Polarizability anisotropy relaxation in pure and aqueous dimethylsulfoxide

Abstract

A molecular dynamics simulation study is presented for the relaxation of the polarizability anisotropy of liquid dimethylsulfoxide (DMSO) and DMSO–water mixtures of DMSO mole fractions xD=0.05, 0.10, 0.25, 0.50, and 0.75. The system’s collective polarizability is computed through a dipolar induction mechanism involving the intrinsic polarizability and first hyperpolarizability tensors for water and DMSO, obtained from ab initio quantum chemical calculations at the MP2/6-311++G(d,p) level.
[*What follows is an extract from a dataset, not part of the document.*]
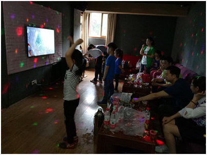 大部队到达山庄时,天公下起了小雨,预定的CS拓展活动无法开展。分会主席征求同志们意见后当即调整了活动方案,随即开展了室内KTV和棋牌娱乐活动。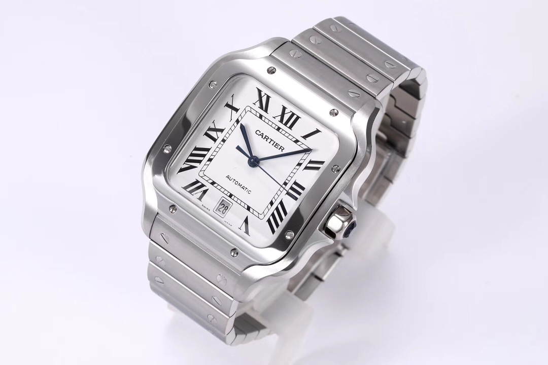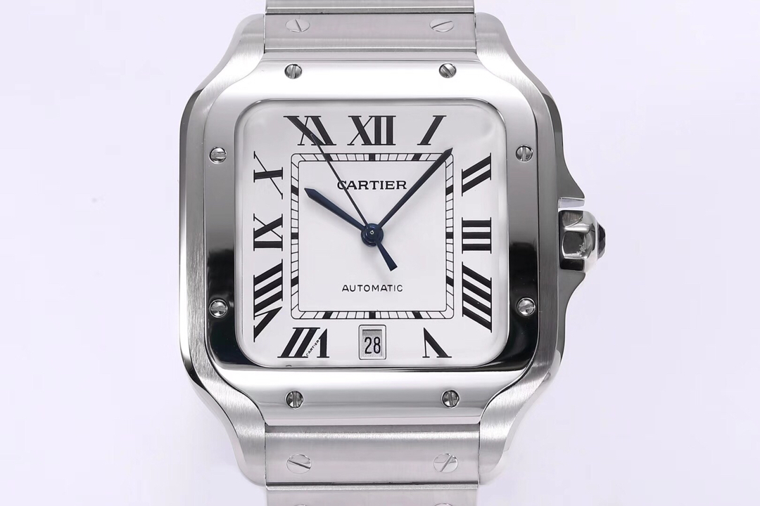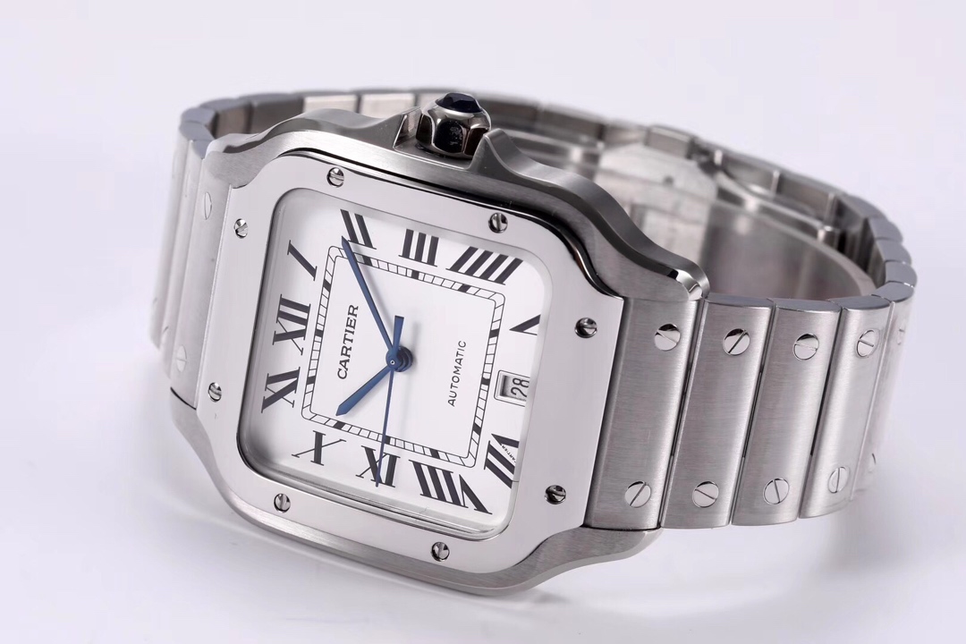 | Cartier Santos 39.8mm White Dial Steel Bezel Strap WSSA0018 | |

The rotational-diffusion components of the anisotropy relaxation of the pure liquids increase upon mixing to a maximum near 25% DMSO, showing consistency with other dynamical properties of these mixtures. Features of the optical Kerr effect (OKE) nuclear response of liquid water, previously ascribed to hydrogen bonding distortions, show significant enhancement upon addition of DMSO due to the formation of strong DMSO–water H-bonds. The OKE spectrum for DMSO is in close agreement with experimental measurements, but there are discrepancies for pure water in the vicinity of 60 cm−1, pointing to the existence of inaccuracies in our description of OKE sensitive polarizability fluctuations of water. The mixtures OKE spectra feature an enhancement in the high frequency water librational band.